Photos by Allison Andres

What do a still–thriving, ’90s-era band, high-end, circus performers a Native-American dance, and an unparalleled, 1950’s toy-turned-fad have in common? You guessed it: hoops!

Four years ago, a few, local women founded Napa Hoopers, a play group for hoop dance, exercise, body flow and circus–arts-enthusiasts, as well as an easy and joyful place for anyone who is interested in enjoyable, healthy, body movement. The group meets regularly, and hosts monthly hoop jams.

“Hoops have an accessibility that many forms of exercise lack. Hooping makes you feel like a kid – again! It’s hard to not laugh and smile while you’re hooping. Many hoopers, and even newcomers that participate in our monthly jams, have fond memories of hooping as a child, and it’s great to bring those back to the surface,” said Lilea Duran, Napa Hoopers Co-founder, hoop dance instructor, and performer.

Many of us remember hula hoops from our childhood; others may recall the intricate and purposeful hoop dances of some Native American tribes; more recently, the independent band, The String Cheese Incident threw hoops into their crowded, live-concert audiences

in the mid-90’s, sparking a more–recent, hooping trend. Eventually, hooping at large music festivals, such as Burning Man and Coachella, and also recently spotted at BottleRock ensued. “Hoops are inexpensive to make or to purchase; they’re portable, so you can hoop at home, at a friend’s house, or at a local park,” reports Duran. Hoops are obviously appropriate for the live music scene too.

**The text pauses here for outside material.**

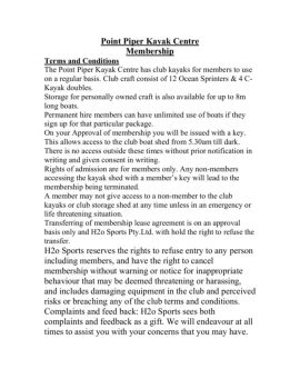 Point Piper Kayak Centre Membership Terms and Conditions The Point Piper Kayak Centre has club kayaks for members to use on a regular basis. Club craft consist of 12 ...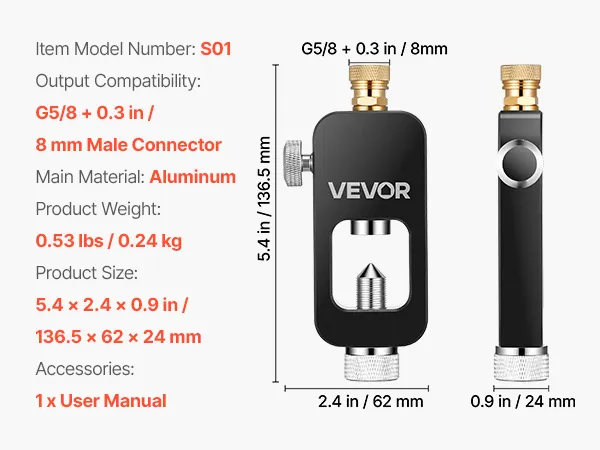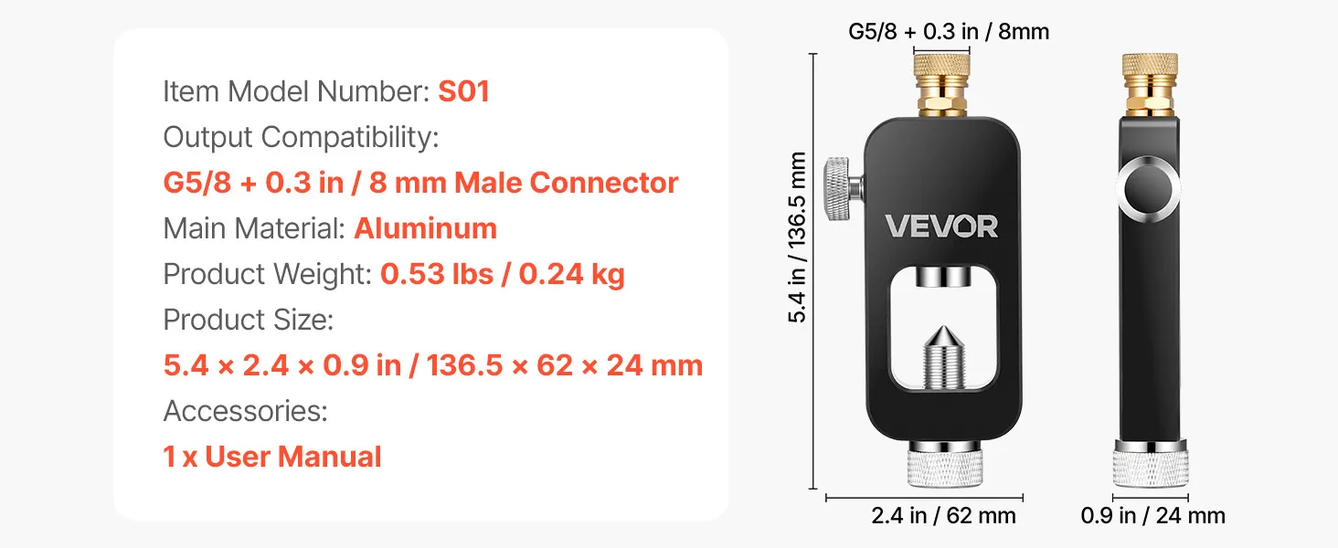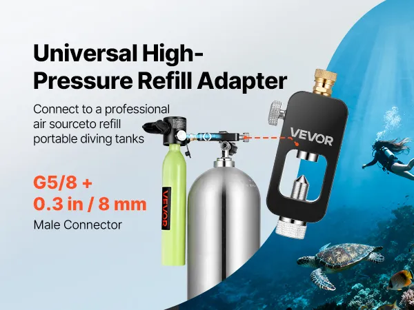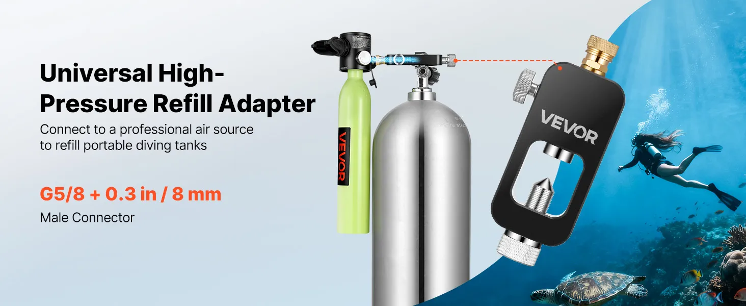 VEVOR Adattatore di Ricarica per Bombola Subacquea, Adattatore di Ricarica ad Alta Pressione per Bombola Subacqueo in Alluminio, Raccordo/Attacco Maschio da 8 mm Portatile per Immersioni Subacquee

When asked about the history of hoops, Duran said that the history of the hoop would really be a story of its own, “There is evidence that Egyptian children used to play games with hoops made out of dried grapevines; ancient Greeks used hoops for exercise and you can find many depictions of Ganymede holding a hoop. Hoop dancing is a form of storytelling with the Native Americans dating back to the 1400s. Many will be familiar with the story of Wham-O popularizing hula hoops in the US in the 1950s!”

Duran, who helps organize the free, monthly, Hoop Jams in Downtown Napa is completely dialed in about the benefits of hooping. “Lots of people hoop for health, myself included. It is a low-impact, fun way to exercise. It’s a great ab workout, but it is also a great, full-body workout. Hooping uses up to 30 different muscles.” The American Council on Exercise has even published a study about the benefits of effective hooping which found that hooping burns an average of seven calories per minute for a total of about 210 calories during a 30-minute, hooping workout.

“Hooping is great for spine flexibility and strength, works on balance and hand-eye coordination and, maybe my favorite benefit, hooping makes us feel happy! We get a wonderful burst of endorphins, while having fun and staying active,” Duran added.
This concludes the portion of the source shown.